:: Entries supplied

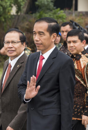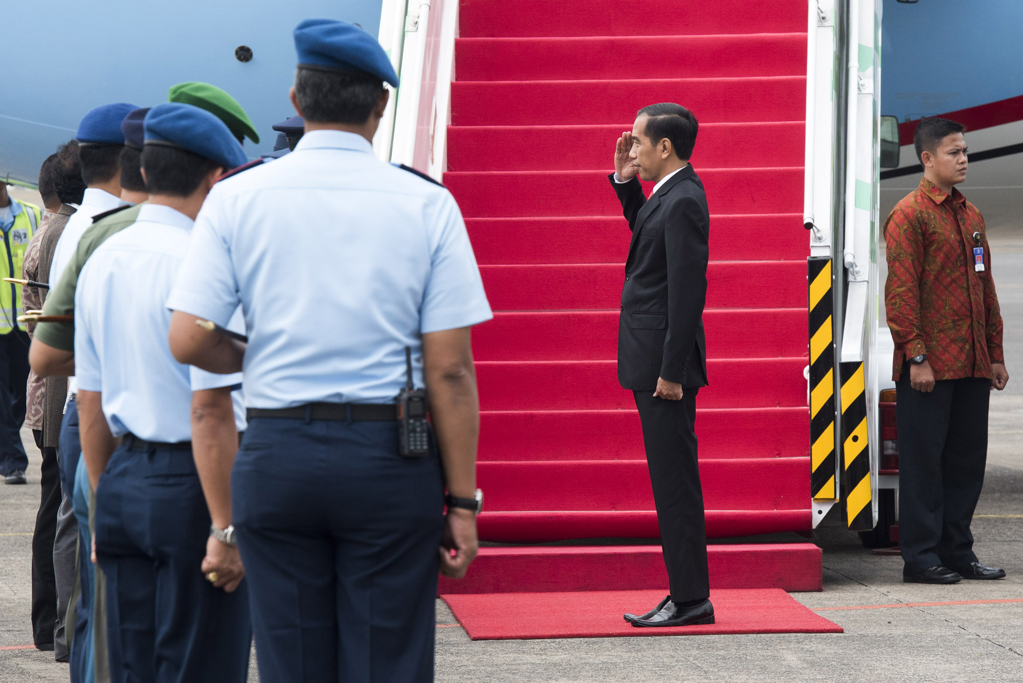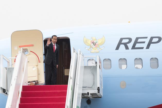 Presiden Joko Widodo membalas hormat sebelum memasuki pesawat kepresidenan di Bandara Internasional Halim Perdanakusumah, Jakarta, Jumat (11/9). Joko Widodo akan melaksanakan kunjungan kenegaraan ke Arab Saudi, Qatar, dan Uni Emirat Arab untuk pembicaraan kerja sama di bidang ekonomi. ANTARA FOTO/M Agung Rajasa/Spt/15.
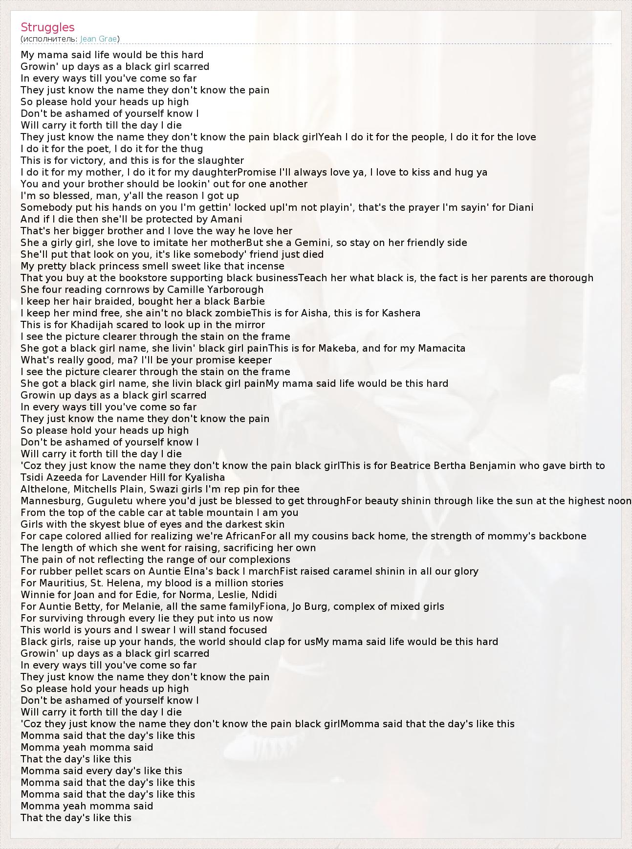 My mama said life would be this hard Growin' up days as a black girl scarred In every ways till you've come so far They just know the name they don't know the pain So please hold your heads up high Don't be ashamed of yourself know I Will carry it forth till the day I die They just know the name they don't know the pain black girlYeah I do it for the people, I do it for the love I do it for the poet, I do it for the thug This is for victory, and this is for the slaughter I do it for my mother, I do it for my daughterPromise I'll always love ya, I love to kiss and hug ya You and your brother should be lookin' out for one another I'm so blessed, man, y'all the reason I got up Somebody put his hands on you I'm gettin' locked upI'm not playin', that's the prayer I'm sayin' for Diani And if I die then she'll be protected by Amani That's her bigger brother and I love the way he love her She a girly girl, she love to imitate her motherBut she a Gemini, so stay on her friendly side She'll put that look on you, it's like somebody' friend just died My pretty black princess smell sweet like that incense That you buy at the bookstore supporting black businessTeach her what black is, the fact is her parents are thorough She four reading cornrows by Camille Yarborough I keep her hair braided, bought her a black Barbie I keep her mind free, she ain't no black zombieThis is for Aisha, this is for Kashera This is for Khadijah scared to look up in the mirror I see the picture clearer through the stain on the frame She got a black girl name, she livin' black girl painThis is for Makeba, and for my Mamacita What's really good, ma? I'll be your promise keeper I see the picture clearer through the stain on the frame She got a black girl name, she livin black girl painMy mama said life would be this hard Growin up days as a black girl scarred In every ways till you've come so far They just know the name they don't know the pain So please hold your heads up high Don't be ashamed of yourself know I Will carry it forth till the day I die 'Coz they just know the name they don't know the pain black girlThis is for Beatrice Bertha Benjamin who gave birth to Tsidi Azeeda for Lavender Hill for Kyalisha Althelone, Mitchells Plain, Swazi girls I'm rep pin for thee Mannesburg, Guguletu where you'd just be blessed to get throughFor beauty shinin through like the sun at the highest noon From the top of the cable car at table mountain I am you Girls with the skyest blue of eyes and the darkest skin For cape colored allied for realizing we're AfricanFor all my cousins back home, the strength of mommy's backbone The length of which she went for raising, sacrificing her own The pain of not reflecting the range of our complexions For rubber pellet scars on Auntie Elna's back I marchFist raised caramel shinin in all our glory For Mauritius, St. Helena, my blood is a million stories Winnie for Joan and for Edie, for Norma, Leslie, Ndidi For Auntie Betty, for Melanie, all the same familyFiona, Jo Burg, complex of mixed girls For surviving through every lie they put into us now This world is yours and I swear I will stand focused Black girls, raise up your hands, the world should clap for usMy mama said life would be this hard Growin' up days as a black girl scarred In every ways till you've come so far They just know the name they don't know the pain So please hold your heads up high Don't be ashamed of yourself know I Will carry it forth till the day I die 'Coz they just know the name they don't know the pain black girlMomma said that the day's like this Momma said that the day's like this Momma yeah momma said That the day's like this Momma said every day's like this Momma said that the day's like this Momma said that the day's like this Momma yeah momma said That the day's like this
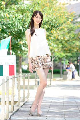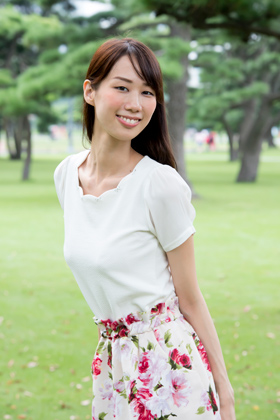 手足が長く抜群なボディバランスと、<br> ナチュラルで優しい笑顔が印象的です。<br> 性格は芯があり、しっかりとしていて、<br> 華道、茶道を得意とする古風な一面も持ち合わせています。
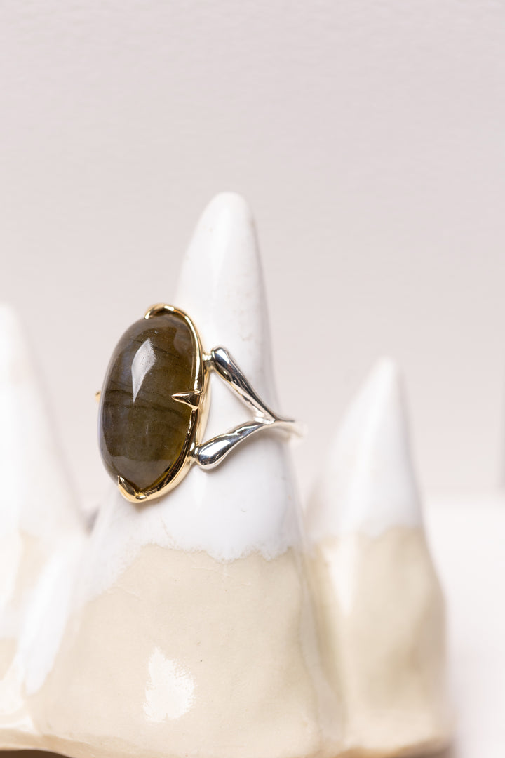 オーバル型、カボションのラブラドライトは、表面に遊色が浮かぶというより石の中に宇宙が広がるように見えます。ちゅるんっとした石の質感があり、石の真ん中、縦に青味が走り、イエローやグリーンはその周辺にふんわりと煙のように揺れて見える少し珍しい石。デザイナーのMayaが「魔法使いの…」と呼ぶのが、なんとなくわかる気がします。
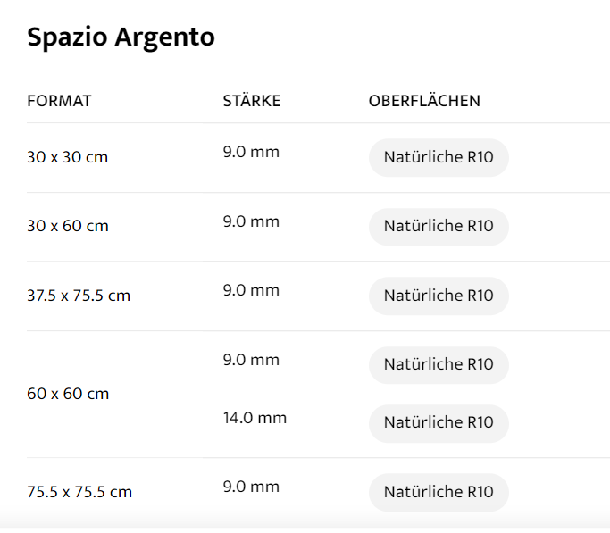 FORMAT : 30 x 30 cm, STÄRKE :9.0 mm, OBERFLÄCHEN : Natürliche R10, FORMAT : 30 x 60 cm, STÄRKE :9.0 mm, OBERFLÄCHEN : Natürliche R10, FORMAT : 37.5 x 75.5 cm, STÄRKE :9.0 mm, OBERFLÄCHEN : Natürliche R10, FORMAT : 60 x 60 cm, STÄRKE :9.0 mm, OBERFLÄCHEN : Natürliche R10, FORMAT : 60 x 60 cm, STÄRKE :14.0 mm, OBERFLÄCHEN : Natürliche R10, FORMAT : 75.5 x 75.5 cm, STÄRKE :9.0 mm, OBERFLÄCHEN : Natürliche R10
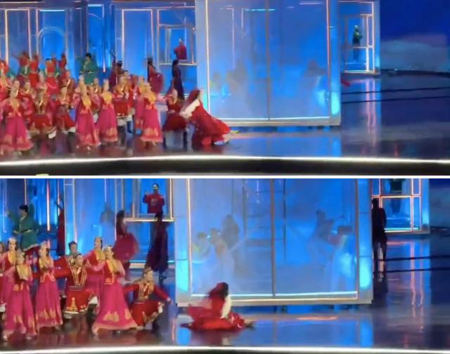 从喀什分会场现场观众曝光的一段视频中可以清楚地看到,迪丽热巴在完成第一段舞蹈后,在向舞台后方飞奔的时候,脚下一滑,当场就一屁股摔到了地上。
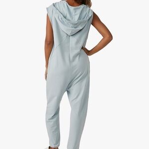 Free People Movement Nothing But Sweats Hooded Jumpsuit Pockets Blue S Oversized
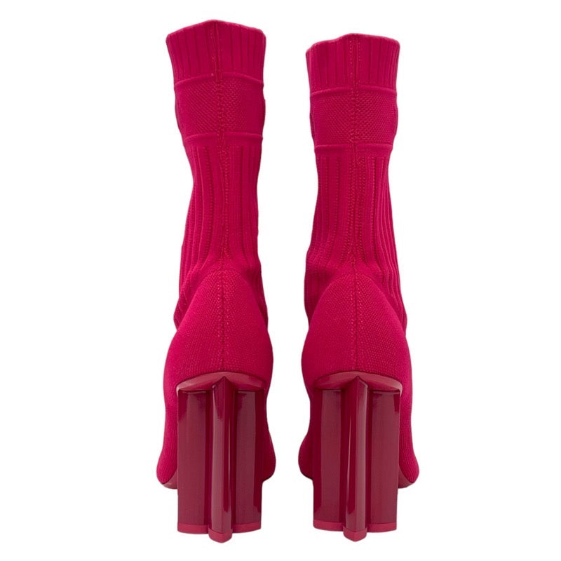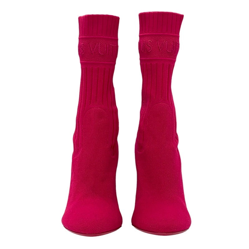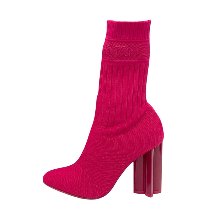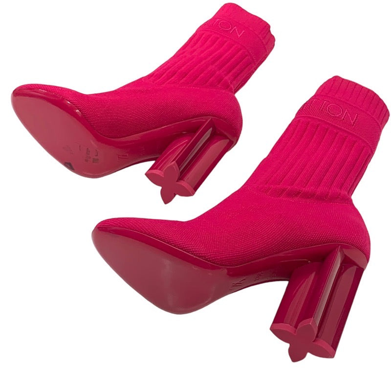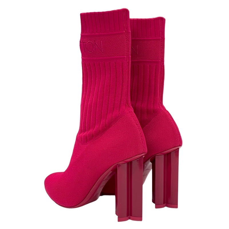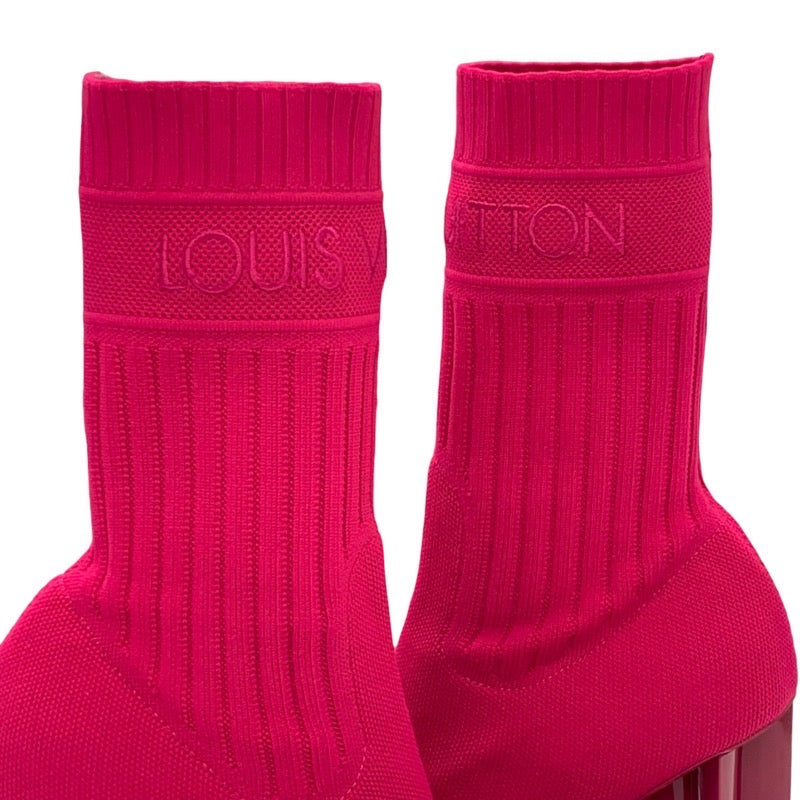 未使用 ルイヴィトン LOUIS VUITTON シルエットライン ブーツ ショートブーツ アンクルブーツ ソックスブーツ ロゴ ニット ピンク
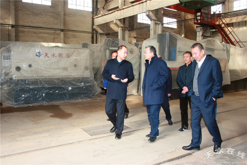 3月15日上午,甘肅省工信廳副廳長王海峰,裝備產(chǎn)業(yè)處處長鞏朝陽等一行,在天水市工信局局長何曉斌、副局長辛國俊、裝備制造科科長唐愛玲等的陪同下,深入到天水鍛壓機(jī)床(集團(tuán))有限公司調(diào)研生產(chǎn)經(jīng)營、固定資產(chǎn)投資、項(xiàng)目建設(shè)、技術(shù)創(chuàng)新、兩化融合、協(xié)同制造、智能制造等工作,并深入了解天水鍛壓近期發(fā)展情況和存在的困難及問題,積極助力天水鍛壓實(shí)現(xiàn)生產(chǎn)經(jīng)營“開門紅”。
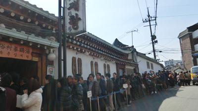 お昼はお約束の参鶏湯です。今回は韓国一有名だという大統領も食べに来るという行列のできるお店です。
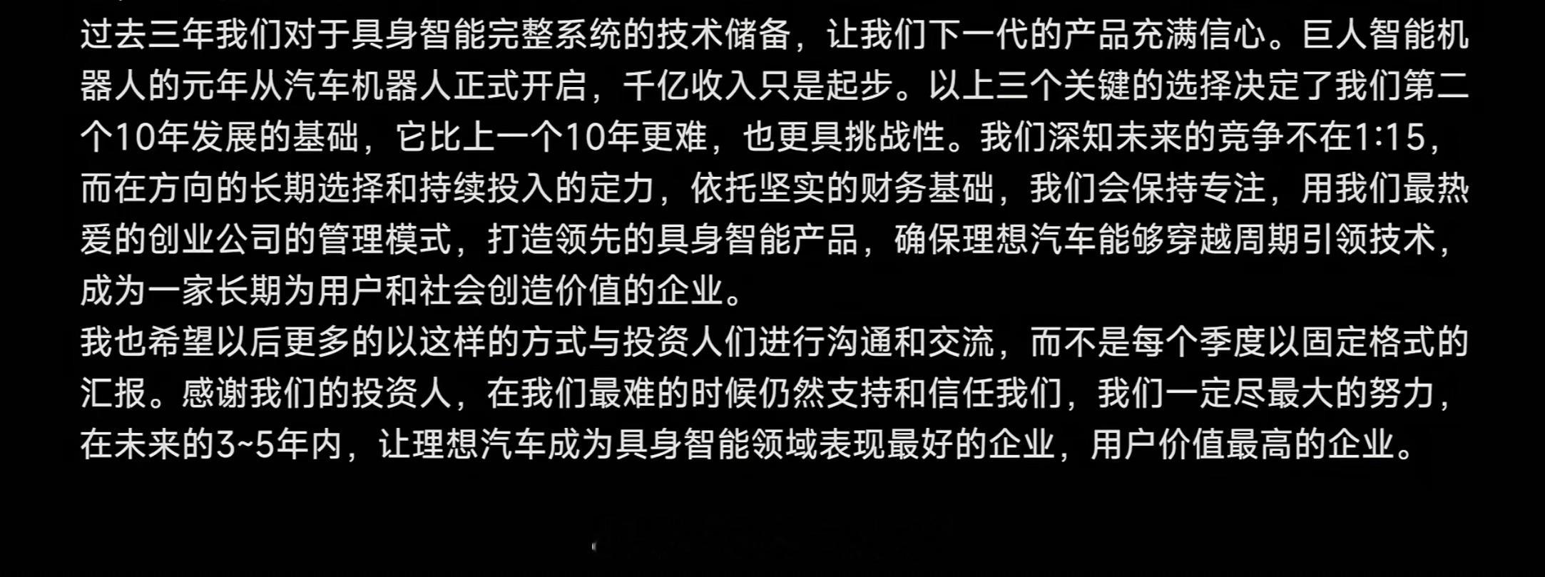 理想汽车发布25年Q3财报厂长刚刚在电话会议上讲的,值得期待!!
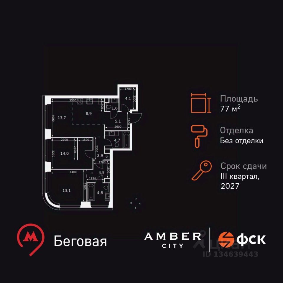 - Станция метро "Беговая" - 5 минут пешком
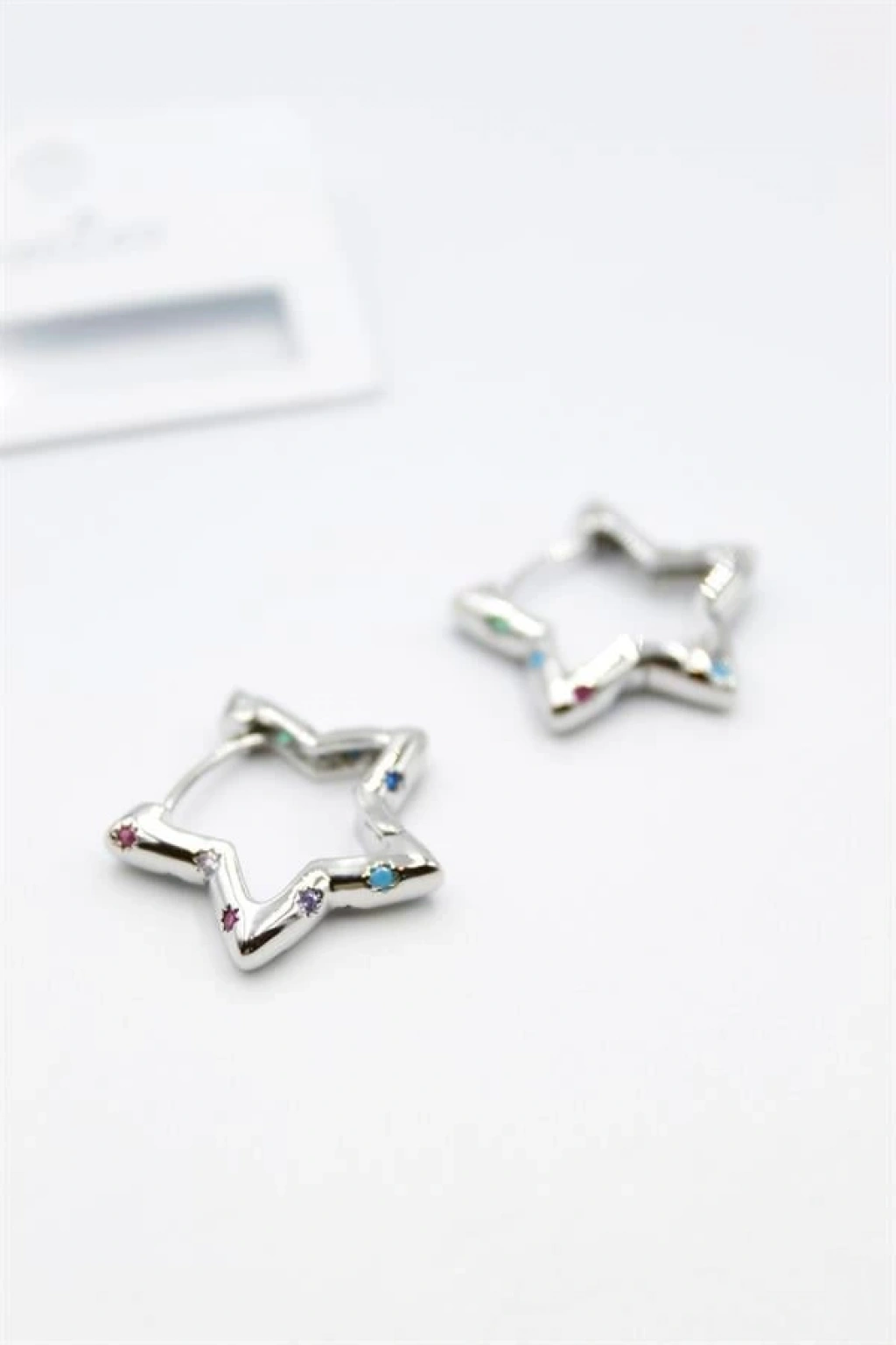 Taşlı Yıldız Küpe - Gümüş
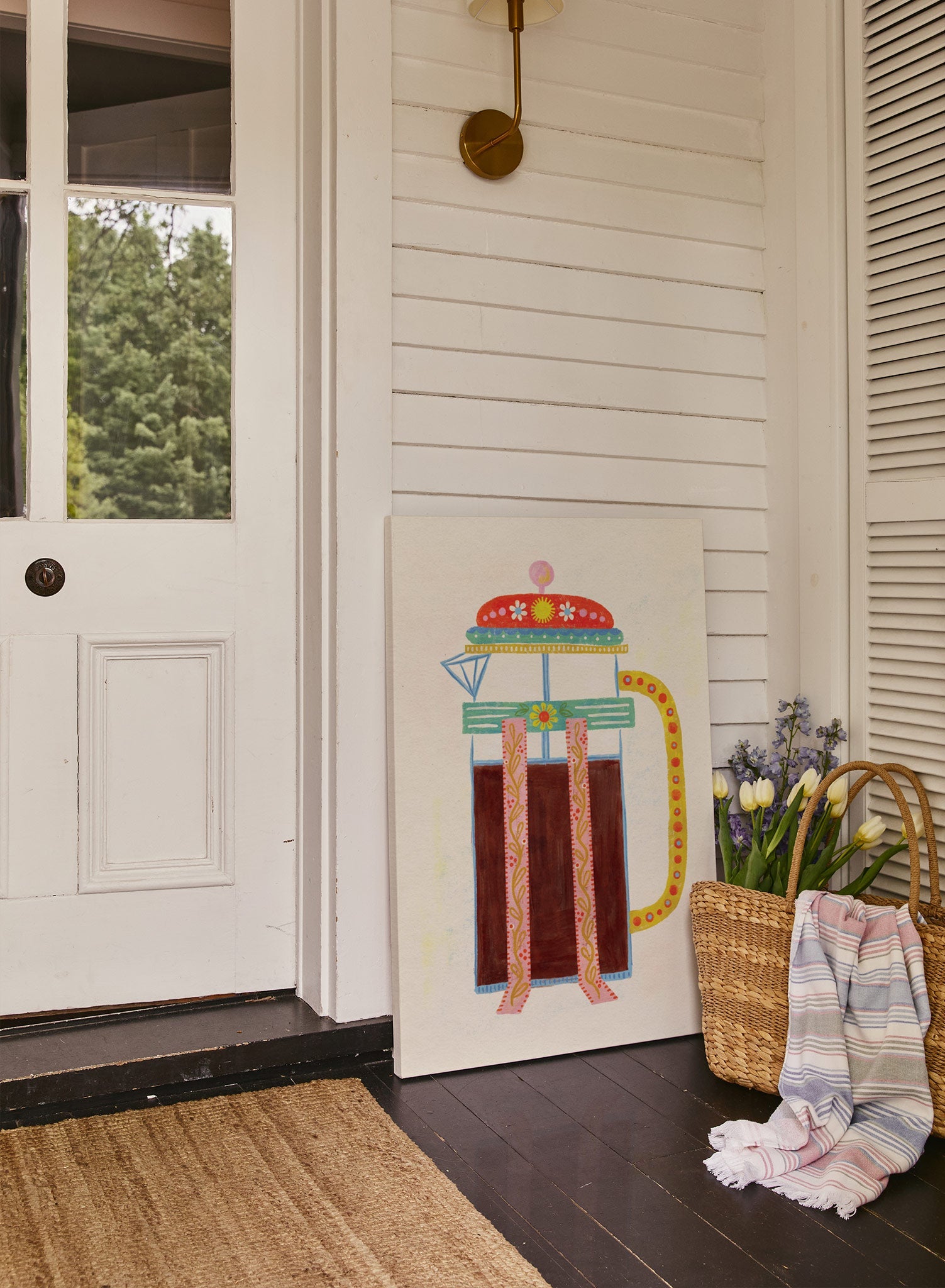 Kenzie Elston’s signature maximalist joy shines in this close-up of a whimsical French press, decorated with ornate borders and topped with a cherry-red lid that looks almost celebratory. Every detail, from the floral knob to the patterned handle, feels thoughtfully placed.

::::

To do
Each line from the one holding "FORMAT : 30 x 30" to the end of the records above must be copied exactly; the pictures must not be copied.

Answer to this exercise
 FORMAT : 30 x 30 cm, STÄRKE :9.0 mm, OBERFLÄCHEN : Natürliche R10, FORMAT : 30 x 60 cm, STÄRKE :9.0 mm, OBERFLÄCHEN : Natürliche R10, FORMAT : 37.5 x 75.5 cm, STÄRKE :9.0 mm, OBERFLÄCHEN : Natürliche R10, FORMAT : 60 x 60 cm, STÄRKE :9.0 mm, OBERFLÄCHEN : Natürliche R10, FORMAT : 60 x 60 cm, STÄRKE :14.0 mm, OBERFLÄCHEN : Natürliche R10, FORMAT : 75.5 x 75.5 cm, STÄRKE :9.0 mm, OBERFLÄCHEN : Natürliche R10
 从喀什分会场现场观众曝光的一段视频中可以清楚地看到,迪丽热巴在完成第一段舞蹈后,在向舞台后方飞奔的时候,脚下一滑,当场就一屁股摔到了地上。
 Free People Movement Nothing But Sweats Hooded Jumpsuit Pockets Blue S Oversized
 未使用 ルイヴィトン LOUIS VUITTON シルエットライン ブーツ ショートブーツ アンクルブーツ ソックスブーツ ロゴ ニット ピンク
 3月15日上午,甘肅省工信廳副廳長王海峰,裝備產(chǎn)業(yè)處處長鞏朝陽等一行,在天水市工信局局長何曉斌、副局長辛國俊、裝備制造科科長唐愛玲等的陪同下,深入到天水鍛壓機(jī)床(集團(tuán))有限公司調(diào)研生產(chǎn)經(jīng)營、固定資產(chǎn)投資、項(xiàng)目建設(shè)、技術(shù)創(chuàng)新、兩化融合、協(xié)同制造、智能制造等工作,并深入了解天水鍛壓近期發(fā)展情況和存在的困難及問題,積極助力天水鍛壓實(shí)現(xiàn)生產(chǎn)經(jīng)營“開門紅”。
 お昼はお約束の参鶏湯です。今回は韓国一有名だという大統領も食べに来るという行列のできるお店です。
 理想汽车发布25年Q3财报厂长刚刚在电话会议上讲的,值得期待!!
 - Станция метро "Беговая" - 5 минут пешком
 Taşlı Yıldız Küpe - Gümüş
 Kenzie Elston’s signature maximalist joy shines in this close-up of a whimsical French press, decorated with ornate borders and topped with a cherry-red lid that looks almost celebratory. Every detail, from the floral knob to the patterned handle, feels thoughtfully placed.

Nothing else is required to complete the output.